In addition, the classification decision is usually to pick the label with the most votes by a few obedients to the majority in the classification problem, and is usually the average of the labels of the K nearest neighbors in the regression problem, and the invention also selects the average. In addition, in the experiment of the invention, the effect is better when K is 5, the training time and AUC are used as evaluation indexes in the experiment, and the AUC is the area under the ROC curve (characteristic curve of the operation of the testee). The AUC algorithm is the ratio of the positive samples in all positive and negative sample pairs to the logarithm of the positive samples in the positive samples before the negative samples, i.e., the probability value. The AUC calculation formula is as follows.
In the above formula, M represents the number of positive samples, P represents the number of negative samples, and the specific way of AUC statistics is to sort the probability values from large to small, then let rank of the sample corresponding to the maximum probability value be N, N be the number of samples, rank of the sample corresponding to the second maximum value is N-1, and so on. Then, rank of all positive class samples is added, and the M value with the minimum score of the positive class samples is subtracted. What results is how much of all the samples have a score for the positive type that is greater than the score for the negative type. And finally divided by mxp.
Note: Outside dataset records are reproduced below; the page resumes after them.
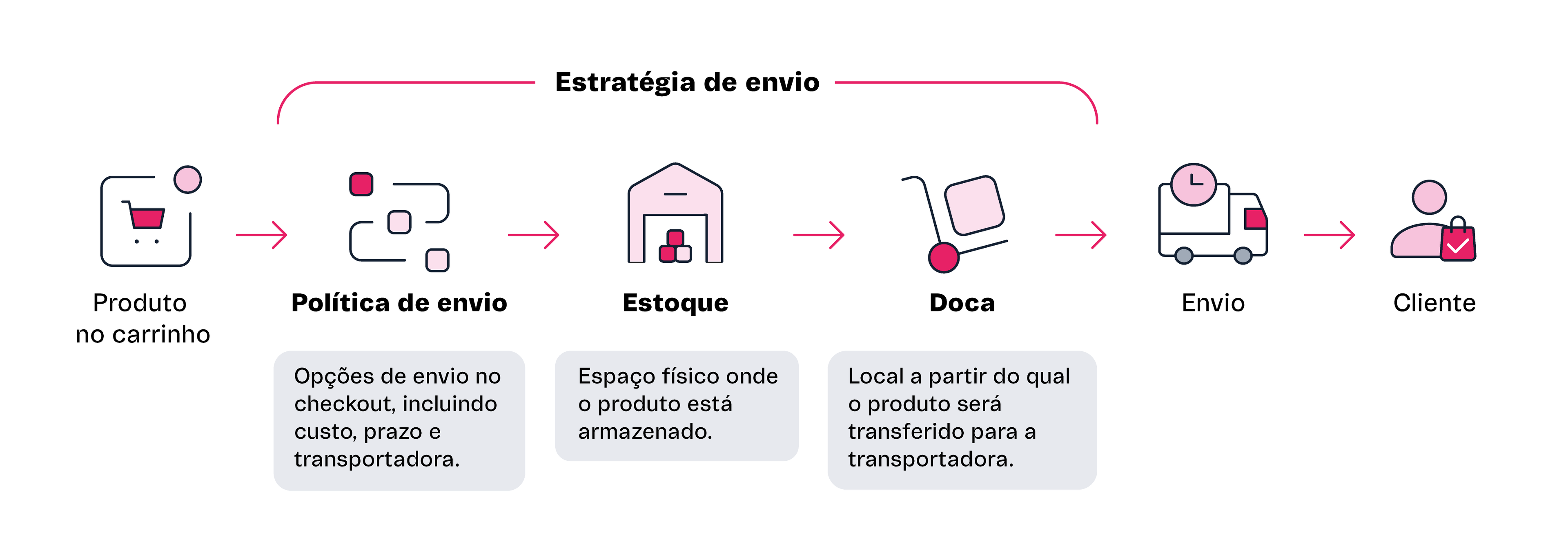 Política de envio é um conjunto de regras e configurações que definem quais opções de envio serão apresentadas aos clientes no checkout. A relação entre política de envio, estoque e doca é o que compõe a sua estratégia de envio na VTEX, conforme a imagem abaixo: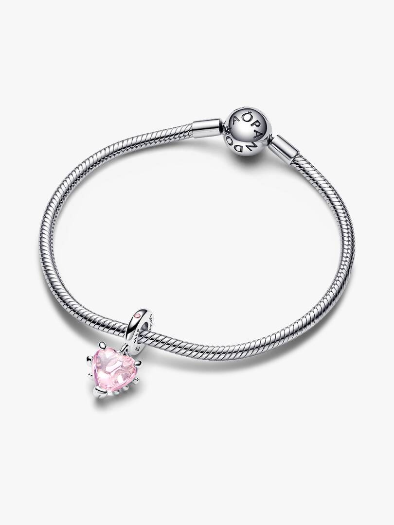 Celebrate the heart of your family with the Pink Family Tree & Heart Dangle Charm. This hand-finished dangle charm is crafted from sterling silver with a transparent pink cabochon man-made crystal shaped like a heart. On, the back of the dangle, the heart is embraced by an openwork family tree motif in sterling silver, its polished branches and leaves symbolizing an eternal love that grows like a tree and nurtures the lives we touch. The bail is engraved with the word “Family” and set with a sparkling pink cubic zirconia stone. Wear it on your Pandora bracelet or favorite charm holder to represent keeping the ones who matter most close to your heart, always.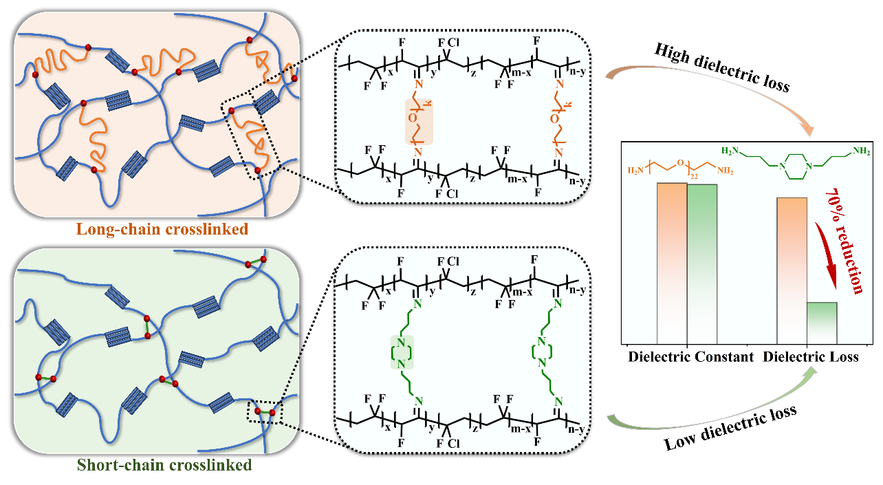 高介电常数弹性体具有柔软、可拉伸、响应快和可靠性高等特点,是一种用途广泛的材料,可应用于人工肌肉、驱动、传感、信息处理和能量存储等领域。弹性体既能适应生物组织的应变,又能在人体运动过程中保持电气稳定性,因此特别适用于可穿戴电子设备。前期,中国科学院宁波材料技术与工程研究所前沿交叉科学研究中心弹性铁电材料与器件课题组报道了在 1 kHz 时介电常数高达 35.4(100 Hz 时介电常数高达 54.2)的本征弹性体( Advanced Materials, 2024, 36, 2404001),这种弹性体通过利用 “微交联 ”法对与软长链交联的弛豫铁电聚合物进行弹性化,以平衡材料的铁电性和弹性。然而,软长链交联的本征弹性体材料在交变电场下的介电弛豫和高流动性会导致大量能量耗散,从而导致大量介电损耗。从实际应用的角度来说,如在介电驱动器和电容式传感器中,在强场驱动条件下,高介电损耗会导致机电设备产生大量热量,降低设备灵敏度甚至导致设备失效,除此以外,高介电损耗还会出现泄漏电流增大和击穿强度降低等问题,对设备造成不利的影响。因此,找到一种简单有效的策略来降低高介电常数弹性体的介电损耗,对于提高设备寿命、保持高性能、确保可穿戴电子设备的稳定运行至关重要。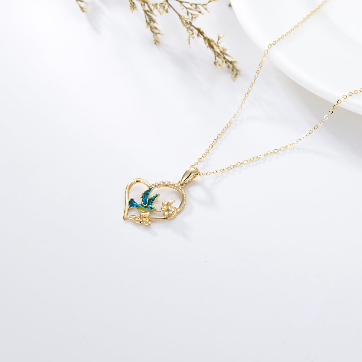 14K Gold Cubic Zirconia Hummingbird & Daffodil Heart Pendant Necklace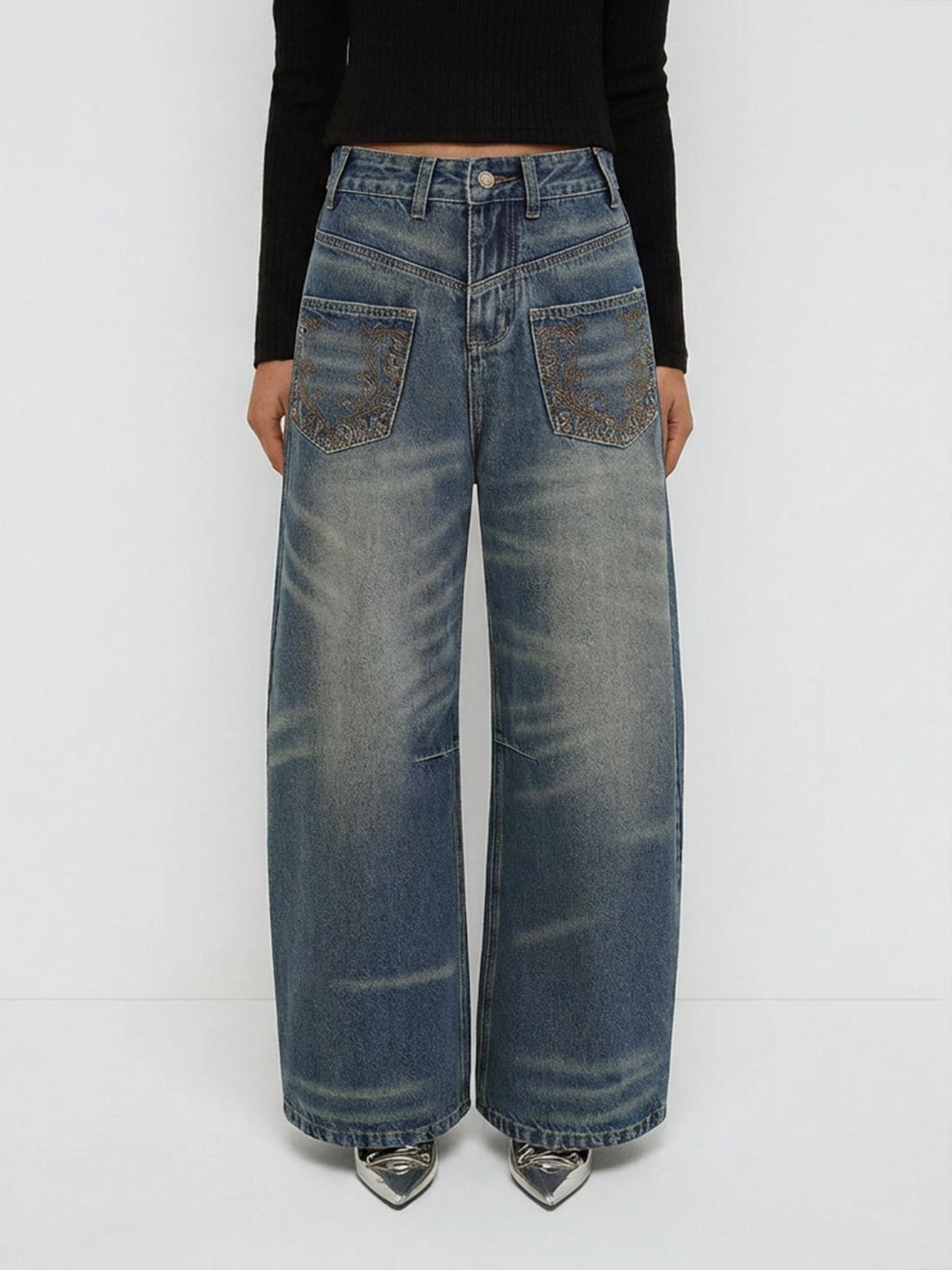Stage Light Denim Barrel Pants – Coal Black

The experimental results of the invention are as follows:
AUC | time | |
VAE-KNN | 0.9287 | 0.1157 |
VAE-Mean_KNN | 0.941 | 0.1077 |
VAE-Media_knn | 0.9351 | 0.1396 |
Claims (2)
1. a social robot detection method based on variation self-coding and K neighbor combination is characterized by comprising the following steps:
step 1, data acquisition and preprocessing, wherein acquired original data are processed by a program to obtain an original characteristic matrix;
step 2, generating characteristics through a depth generation model;
step 3, after the original features and the generated features are subjected to feature fusion, detecting the social robot by using an anomaly detection method;
the method specifically comprises the following steps: firstly, an original social robot data set is obtained and processed to obtain a characteristic matrix expressed asi is a sample; the features extracted are as follows:
mention of @ proportion of others
Number of average used expressions in tweets;
the number of stop words contained in the tweet on average;
eight dimensions total of the average number of 8 symbols: "#", "," -, ","; ","! "," (",") ";
the number of URLs contained in the sent message on average;
the average length of the original tweet;
forwarding the average length of the tweet;
the tweet forwarding amount proportion;
tweet average similarity;
after the characteristics are obtained, normalization is carried out on each dimension characteristic of the sample, and the normalization formula is as follows:
in the above formula, l represents the characteristic dimension of the sample i in the characteristic matrix, lmax is the maximum value in the dimension of the sample data l, lmin is the minimum value in the dimension of the sample data l, and the characteristic data set after normalization is represented as
Using a variational auto-encoder (VAE) as a depth generation model, a sample set ofEach data sample xiAll are randomly generated independent, continuous or discrete distributed variables, the observable variable X is used as an input visible layer variable, then a hidden layer variable Z is generated, and a data set is generatedX*The method comprises the following steps of representing a sample set obtained after an original sample set is coded and decoded through variational self-coding, wherein a variational self-coding generation model is divided into two processes:
(1) approximate inference process of hidden variable Z posterior distribution: identifying a model qφ(z | x), i.e. the inference network, qφ(z | x) represents a process where x is known to infer z;
(2) generating variable X*The condition distribution generation process of (1): conditional distribution pθ(z)pθ(x*| z), namely generating a network;
the optimization targets of the inference network and the generation network are both maximization variational lower bound functions, log in the formula represents logarithm with base 10, theta generation network parameters and phi inference network parameters are parameters of the network, the network is initialized before being trained, and then the parameters are updated by training; and L (theta, phi; X) is a variation lower bound function, and the parameters theta and phi are solved by a known sample set X:
zi=μi+εi·δi
argmax represents the maximum variation lower bound function L,representing data generated by the correspondence of samples i, ziRepresenting hidden variables corresponding to the samples i, mu i representing the mean value of the samples i in the inference network, delta i representing the variance of the samples i in the inference network, introducing an auxiliary parameter epsilon, wherein the parameter is obtained by random sampling from a standard normal distribution N (0,1), and epsiloniRepresenting the generation of hidden layer variable z by mapping samples iiData sampled randomly; with the introduction of auxiliary parameters, the relation between the hidden variable Z and the mean variance is changed from sampling calculation to numerical calculation, the optimization directly adopts the random gradient descent and the condition distributionObeying a bernoulli or gaussian distribution to represent a process of inferring x for z for sample i, known in the generation network; directly calculating according to a probability density function formula of the target; then each term of the lower bound of the variation is directly calculated, and the parameters theta and phi of all visible units and hidden units are naturally updated according to the training, so that the model structure is finally determined.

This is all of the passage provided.